- Genre: Sitcom
- Based on: One Foot in the Grave by David Renwick
- Developed by: Dennis Klein
- Directed by: John Whitesell (seasons 1–2 & 4); Don Scardino (seasons 2–4); John Bowab (season 2); Arthur Lewis (season 2);
- Starring: Bill Cosby; Phylicia Rashad; T'Keyah Crystal Keymáh; Doug E. Doug; Madeline Kahn; Jurnee Smollett; Darien Sills-Evans;
- Theme music composer: Bill Cosby; Benny Golson;
- Country of origin: United States
- Original language: English
- No. of seasons: 4
- No. of episodes: 96 (list of episodes)

Production
- Executive producers: Bill Cosby; Dennis Klein; Marcy Carsey; Tom Werner; Caryn Mandabach; David Renwick; Peter Tortorici; David Landsberg; Norman Steinberg; Tom Straw;
- Producer: Joanne Curley-Kerner
- Production locations: Kaufman Astoria Studios Astoria, New York, U.S.
- Camera setup: Videotape; Multi-camera
- Running time: 22 minutes
- Production company: Carsey-Werner Productions

Original release
- Network: CBS
- Release: September 16, 1996 – April 28, 2000

= Cosby (TV series) =

American television sitcom (1996–2000)

Cosby is an American television sitcom that aired on CBS from September 16, 1996, to April 28, 2000. The program starred Bill Cosby (in his final series) and Phylicia Rashad, who had previously co-starred in the NBC sitcom The Cosby Show (1984–1992). Madeline Kahn portrayed their neighborly friend, Pauline, until her death in 1999. The show was adapted from the British sitcom One Foot in the Grave.

==Premise==
Set at the corner of 33rd Avenue and 1539 Blake Street in Astoria, Queens, the show starred Cosby as Hilton Lucas, a grumpy New York City man forced into early retirement from his job as an airline customer service agent. His wife Ruth was played by Phylicia Rashad, who had played Cosby's wife on The Cosby Show as well. Initially, Telma Hopkins was cast as Ruth Lucas; however, she was recast after she reacted poorly to Cosby's tendency to ad lib. The couple had one daughter, Erica Lucas, played by T'Keyah Crystal Keymáh. Doug E. Doug played Griffin Vesey, a foster son the Lucas family took in when he was younger. Griffin occasionally tried to win Erica's affections, although this ended in the third season when Erica became engaged to Darien Hall (played by Darien Sills-Evans), whom she married in the fourth season. Jurnee Smollett joined the cast in the third season as 11-year-old Jurnee, whom Hilton adored.
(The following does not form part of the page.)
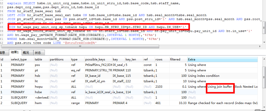 10、Using join buffer Using join buffer表示使用连接缓存,它强调在获取连接条件时,并没有使用索引,而是使用连接缓冲区来存储中间结果,若是出现该值,一般说明需要添加索引来进行优化了。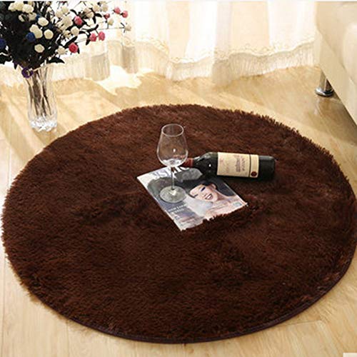 Treer Tapis Salon Shaggy Poil Long Ronde, Tapis de Yoga Lavable Design Moderne Anti-Dérapant Chaise Canapé Natte pour Intérieur, Séjour, Chambre, Couloir, Cuisine (Marron,40cm)

The show was based on the concept from the BBC series One Foot in the Grave, starring Richard Wilson and Annette Crosbie. David Renwick, the creator and writer of One Foot in the Grave, was listed as a consultant on Cosby. One Foot in the Grave was notable for containing dark humor for a mainstream sitcom. The tone was significantly lightened for Cosby, although certain controversial scenes, such as a scene in which the lead character incinerates a live tortoise, albeit by accident, were recreated.

When the show was under development for CBS, its working title was Not Dead Yet (a name later used for a 2023–2024 ABC sitcom). A pilot episode was produced under that name, featuring Glenn Plummer as Griffin Vessey and Audra McDonald as Erica Lucas. Cosby, Rashad and Kahn were the only cast members to survive the pilot episode. The unaired theme by Benny Golson was recorded as a jazz standard while congas and harmonica were later added for the uptempo salsa mix.

A notable episode was the fourth-season premiere, "My Spy", which showed Hilton watching an episode of I Spy (a 1960s series in which Cosby co-starred) and then dreaming an adventure with Robert Culp's character from that series; the episode ends with a brief dream sequence in which Rashad dreams she is playing her previous character from The Cosby Show. The same season also presented an episode entitled "Loving Madeline" which featured the standard opening credits for the series but was in fact a tribute to Kahn featuring the cast members out of character discussing the recently deceased actress, punctuated by clips from past episodes.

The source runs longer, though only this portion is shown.